After a person completes an inpatient or outpatient treatment program, it is imperative to follow up with aftercare treatment to help maintain sobriety. It is easy to slip back into active addiction without ongoing support for recovery. Many people attend aftercare services for weeks or months after treatment ends, while some people attend for life. Some examples of aftercare include regular attendance of 12-Step meetings, such as Alcoholics Anonymous (AA) or Narcotics Anonymous (NA), or follow-up appointments with your counselor or therapist.


  1. National Institute on Drug Abuse. (2016). Misuse of Prescription Drugs.
  2. National Institute on Drug Abuse. (2016). What is the Scope of Prescription Drug Misuse?
  3. National Institute on Drug Abuse. (2016). How Many People Suffer Adverse Health Consequences from Misuse of Prescription Drugs?
  4. National Institute on Drug Abuse. (2016). Is it Safe to Use Prescription Drugs in Combination with Other Medications?
  5. American Psychiatric Association. (2013). Diagnostic and Statistical Manual of of Mental Disorders (DSM-5). Arlington, VA: American Psychiatric Publishing.
  6. National Institute on Drug Abuse. (2018).
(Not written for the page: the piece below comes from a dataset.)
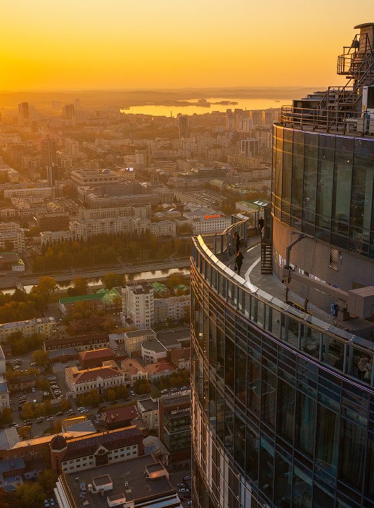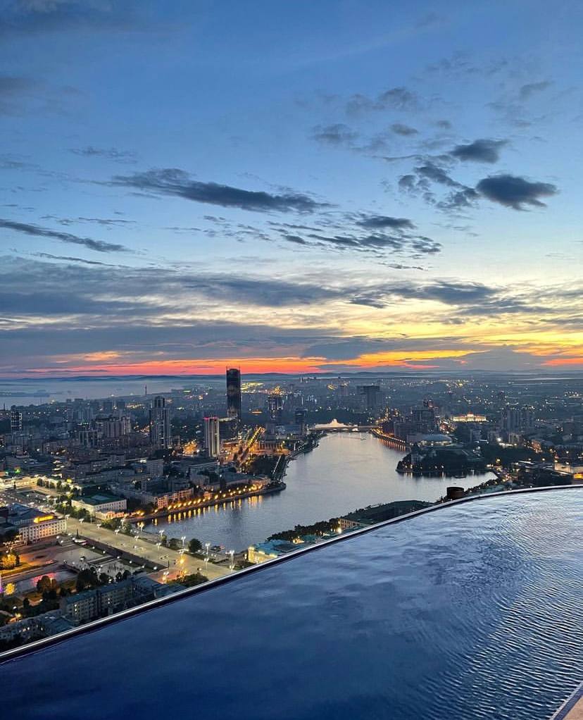 После свежей выпечки и кофе предлагаю оценить масштаб города и посмотреть на него с высоты. В восьми минутах ходьбы в небоскребе «Высоцкий» на 52-м этаже есть смотровая площадка. Отсюда панорама Екатеринбурга видна на 25 километров вдаль.

Which classes of prescription drugs are commonly misused?
  7. Althobaiti, Y.S. & Sari, Y. (2016). Alcohol Interactions with Psychostimulants: An Overview of Animal and Human Studies. Journal of addiction research and therapy, 7(3), 281.
  8. National Institute on Drug Abuse. (2018). Heroin.
  9. National Institute on Alcohol Abuse and Alcoholism. (n.d.) Alcohol’s Effects on the Body.
  10. Jiao, X., Velez, S., Ringstad, J., Eyma, V., Miller, D., & Bleiberg, M. (2009). Myocardial Infarction Associated with Adderall XR and Alcohol Use in a Young Man. Journal of the American Board of Family Medicine, 22 (2), 197-201.